TRIBUNNEWSWIKI.COM - Dalam insiden jatuhnya pesawat Rimbun Air cargo seri Twin Other 300 PK OTW pada Rabu (15/9/2021) menewaskan 3 orang kru.
Salah satu korbannya ialah Kapten Mirza, pilot pesawat Rimbun Air.
Pilot pesawat carter milik PT Intan Angkasa tersebut berasal dari Bogor, Jawa Barat.
Rumah kediaman Kapten Mirza yang terletak di Kompleks AURI, Bogor, Jawa Barat terlihat banyak pelayat yang datang, mulai dari sanak saudara hingga warga sekitar.
Semasa hidupnya, Kapten Mirza dikenal sebagai pribadi yang berjiwa sosial tinggi.
Hal tersebut disampaikan oleh Wahyu, Ketua RT 02/RW 08 Kompleks Auri, Bogor Barat.
Baca: Pesawat Rimbun Air
Baca: Fakta Pesawat Rimbun Air yang Hilang Kontak: Jatuh di Papua, Tiga Kru Meninggal Dunia
Bahkan, menurut penuturan Wahyu, Mirza kerap membagikan sembako ke warga sekitar.
“Beliau sering membantu warga sekitar, bagi-bagi sembako ke masyarakat yang kurang mampu, ke para janda-janda,” ungkap Wahyu, dilansir oleh Tribunnews.com.
Namun, saat beredar kabar jatuhnya pesawat Rimbun Air, Wahyu tidak mengetahui bahwa pilot pesawat itu ialah Kapten Mirza.
“Saya enggak tahu kalau ternyata pilot pesawat itu Pak Mirza, warga saya, tadi juga ada warga yang melapor ke saya, bahwa pilot pesawat yang hilang kontak adalah Pak Mirza," terangnya.
"Setelah mengetahui kebenarannya dari warga sekitar yang melapor, saya merasa berduka yang mendalam,” kata Wahyu.
Di sisi lain, rumah kediaman Mirza pun dijaga ketat oleh pihak Polisi Militer Angkatan Darat yang lokasinya tidak jauh dari Landasan Udara Atang Senjaja.
Baca: Pesawat Rimbun Air PK OTW Tujuan ke Intan Jaya Dikabarkan Hilang Kontak Setelah 1 Jam Keberangkatan
Baca: Kapolres Intan Jaya Tegaskan Pesawat Rimbun Air Jatuh karena Kecelakaan, Bukan Ditembak KKB
Jenazah Kapten Mirza rencananya akan diterbangkan dari Intan Jaya menuju kediamannya di Bogor, Jawa Barat.

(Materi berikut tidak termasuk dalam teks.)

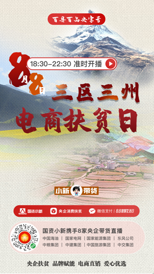 8月8日18:30至22:30,中國交建黨委常委、副總裁裴岷山,中國海油扶貧辦主任宋瑞林,國家電網(wǎng)扶貧辦主任張蓮瑛,國家能源集團(tuán)戰(zhàn)略規(guī)劃部主任魏慎洪,東風(fēng)公司扶貧辦副主任劉鵬,中糧可口可樂飲料有限公司黨委書記、CEO慶立軍,中建集團(tuán)中建二局紀(jì)委書記鄧小林,中國旅游集團(tuán)旅游服務(wù)有限公司董事、紀(jì)委書記胡志敏將走進(jìn)“百縣百品央字號(hào)——‘三區(qū)三州’電商扶貧日”微信小程序直播間,帶來“三區(qū)三州”特產(chǎn)好物,講述中央企業(yè)定點(diǎn)扶貧的動(dòng)人故事。

Kapten Mirza meninggal dunia dalam insiden jatuhnya pesawat Rimbun Air pada Rabu (15/9/2021).
Pesawat yang lepas landas dari Kabupaten Nabire menuju ke Intan Jaya itu mengangkut bahan bangunan.
Sayangnya, setelah 1 jam keberangkatan, pesawat seri Twin Other 300 PK OTW itu dinyatakan hilang kontak.

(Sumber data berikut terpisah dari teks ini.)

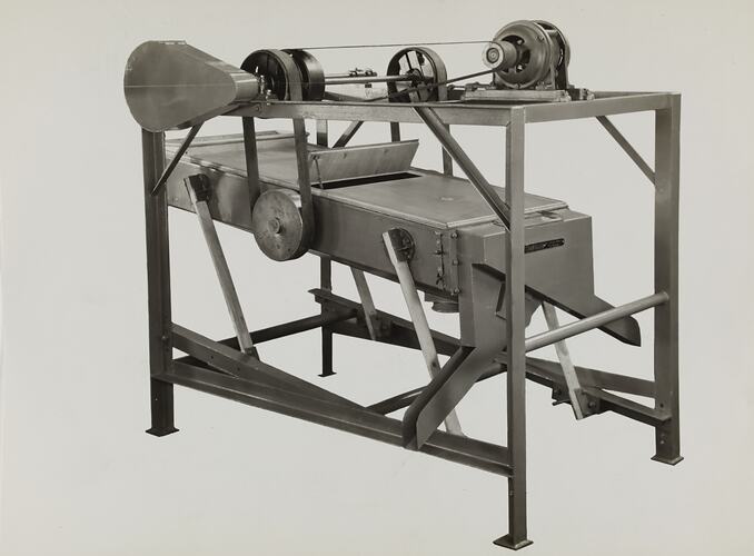 Printed on the front of photograph: '43517-1' Printed in black ink on back of photograph: 'SECTION NO. / SCHUMACHER MILL FURNISHING WORKS PTY. LTD. / GRAHAM ST. PORT MELBOURNE' Handwritten in grey pencil on the back of photograph: '19-M' Handwritten in red pencil on the back of photograph: 'OFFICE COPY' Handwritten in black ink on the back of photograph: 'Vibratory Sifter - / to O/N 43517 - 29/4/43.' Printed in purple ink on back of photograph: 'Kerr / BROS. / COMMERCIAL / PHOTOGRAPHERS / 533 COLLINS ST. MELBOURNE'

Kombes Pol Ahmad Mustofa Kamal yang menjabat sebagai Kabid Humas Polda Papua mengonfirmasi kabar hilangnya pesawat Rimbun Air PK OTW itu.
"Pukul 07.37 WIT, Airnav Sugapa melakukan komunikasi terakhir dengan pilot sebelum hilang kontak. Hingga saat ini tidak adanya kontak dari pesawat Rimbun Air PK OTW," kata Mustofa dalam keterangannya, dikutip dari Tribunnews.com, Rabu (15/9/2021).
Setelah dilakukan upaya pencarian oleh tim investigasi, akhirnya bangkai pesawta itu berhasil ditemukan.
Pesawat Rimbun Air ditemukan jatuh di daerah kekuasaan Kelompok Kriminal Bersenjata (KKB) pimpinan Zakius.
Meski begitu, tim gabungan tersebut mampu mengevakuasi kru pesawat Rimbun Air yang berjumlah 3 orang.